**Records for this exercise**
+ + + +

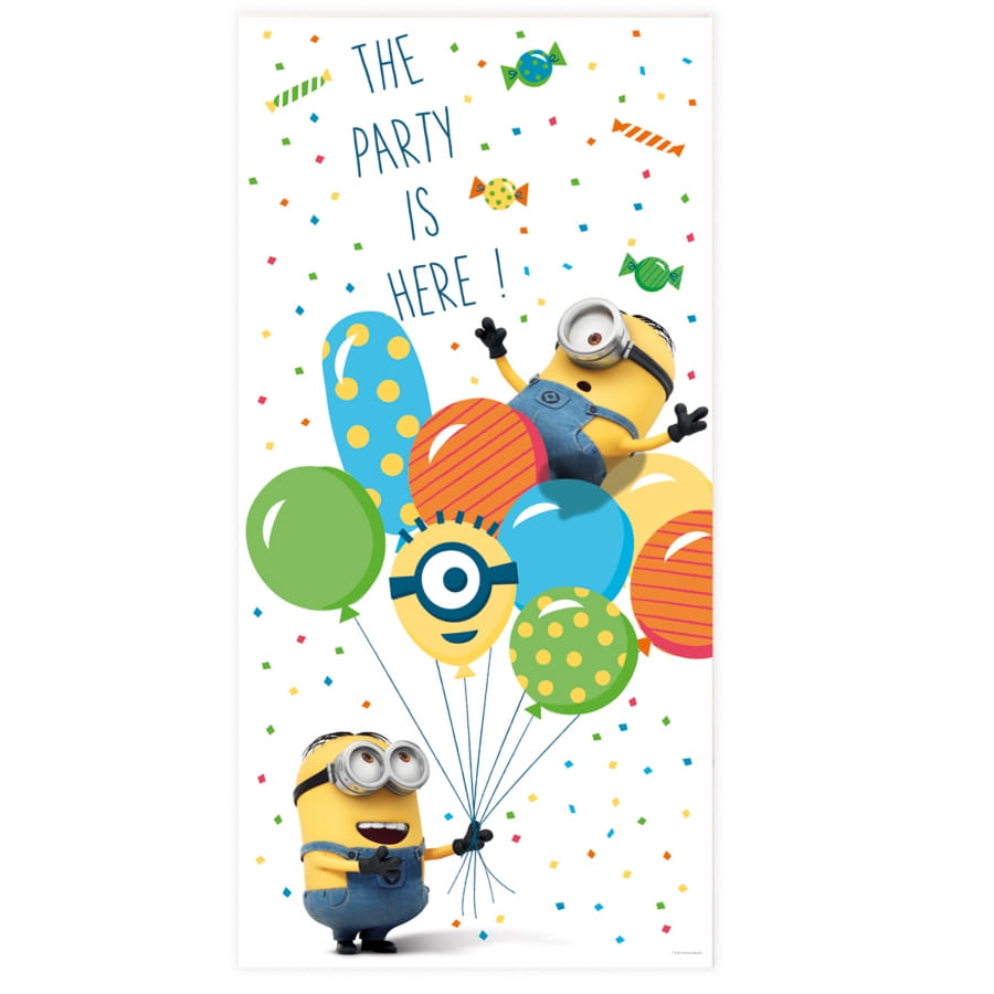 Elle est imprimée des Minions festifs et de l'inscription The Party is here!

+ + + +

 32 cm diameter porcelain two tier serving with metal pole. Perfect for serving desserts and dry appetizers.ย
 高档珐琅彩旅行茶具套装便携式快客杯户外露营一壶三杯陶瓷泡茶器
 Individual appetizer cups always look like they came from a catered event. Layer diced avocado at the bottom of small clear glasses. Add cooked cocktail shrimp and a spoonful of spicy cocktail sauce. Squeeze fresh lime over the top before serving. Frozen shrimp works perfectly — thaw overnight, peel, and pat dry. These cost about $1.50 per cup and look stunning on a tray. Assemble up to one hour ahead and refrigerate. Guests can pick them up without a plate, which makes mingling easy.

+ + + +

**What you need to do**
Could you copy each line of the material that holds "serving"?

**Solved problem**
 32 cm diameter porcelain two tier serving with metal pole. Perfect for serving desserts and dry appetizers.ย
 Individual appetizer cups always look like they came from a catered event. Layer diced avocado at the bottom of small clear glasses. Add cooked cocktail shrimp and a spoonful of spicy cocktail sauce. Squeeze fresh lime over the top before serving. Frozen shrimp works perfectly — thaw overnight, peel, and pat dry. These cost about $1.50 per cup and look stunning on a tray. Assemble up to one hour ahead and refrigerate. Guests can pick them up without a plate, which makes mingling easy.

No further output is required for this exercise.